De l'autre côté, paradoxalement, l'Europe a besoin du Royaume-Uni pour être forte. C'est le seul pays à consacrer 2 % de son budget à la défense et à participer aux opérations civiles et militaires de l'Union européenne, malgré son parti pris hostile, y compris en Afrique – au Mali par exemple – et sans compter l'intervention à nos côtés en Syrie.
C'est une économie majeure, avec ses 64 millions d'habitants, qui quitterait l'Union européenne. Dans les négociations avec les États continents qui sont les puissances de demain, l'Union perdrait beaucoup avec le départ du Royaume-Uni. Notre intérêt est de les aider.

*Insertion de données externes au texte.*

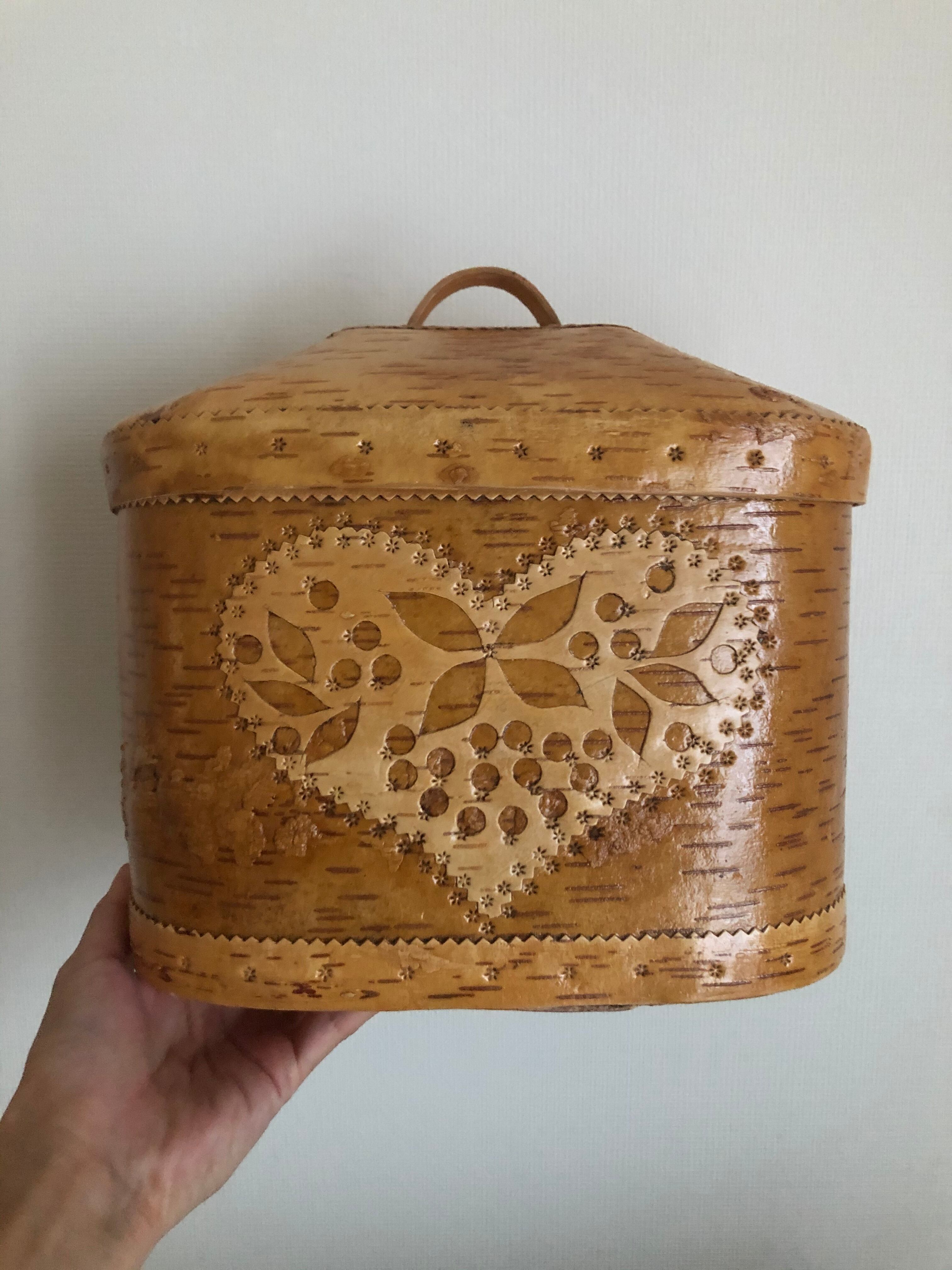 ロシア 白樺の蓋付き入れ物

Le prochain sommet franco-britannique aura lieu début mars, probablement à Amiens. Les relations entre nos deux pays sont actuellement très chaleureuses. David Cameron a rencontré à trois reprises le Président de la République ces derniers temps. Il a manifesté un soutien exceptionnel lors des attentats du 13 novembre ; la ministre de l'intérieur était présente à la minute de silence à l'ambassade de France ; la marseillaise a été chantée à Wembley, vous avez tous vu les images. La France est pour les autorités britanniques un pays allié et ami qui a un rôle à jouer. Angela Merkel n'est pas la seule à pouvoir aider David Cameron à obtenir le paquet européen qu'il pourrait défendre.